• **Activity**
Shown below are entries with pictures; the line with "Боковые застежки-фастекс не" through the line with "стійки з комбінацією" is the span to retype exactly, and the pictures stay out.

• **Listed entries**
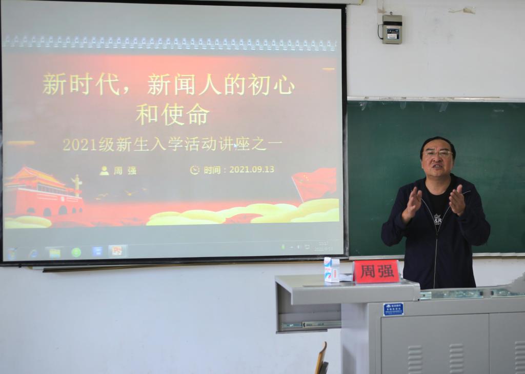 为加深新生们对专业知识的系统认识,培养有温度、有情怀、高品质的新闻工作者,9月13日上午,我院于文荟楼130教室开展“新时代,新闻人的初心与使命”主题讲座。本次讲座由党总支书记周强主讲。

==

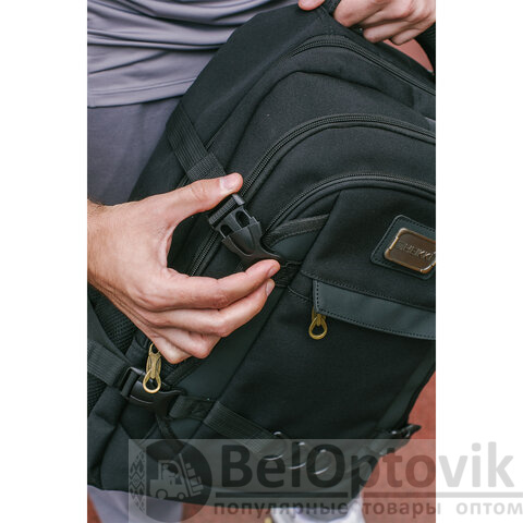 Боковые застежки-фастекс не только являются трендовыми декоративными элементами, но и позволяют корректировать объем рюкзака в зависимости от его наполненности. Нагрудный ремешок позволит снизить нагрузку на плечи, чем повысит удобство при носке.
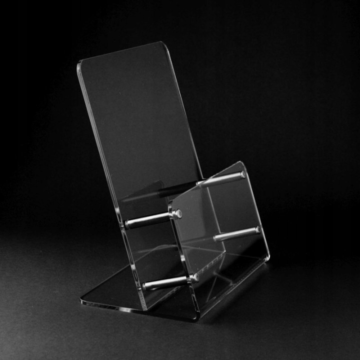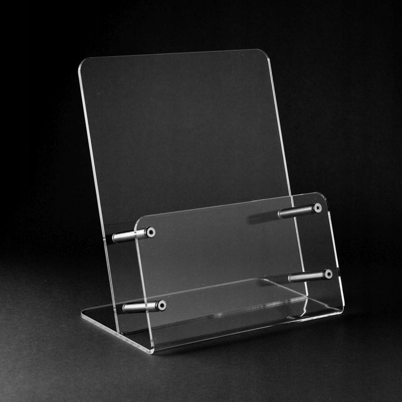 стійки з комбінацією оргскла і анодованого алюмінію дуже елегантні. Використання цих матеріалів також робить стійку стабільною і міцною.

• **Task result**
 Боковые застежки-фастекс не только являются трендовыми декоративными элементами, но и позволяют корректировать объем рюкзака в зависимости от его наполненности. Нагрудный ремешок позволит снизить нагрузку на плечи, чем повысит удобство при носке.
 стійки з комбінацією оргскла і анодованого алюмінію дуже елегантні. Використання цих матеріалів також робить стійку стабільною і міцною.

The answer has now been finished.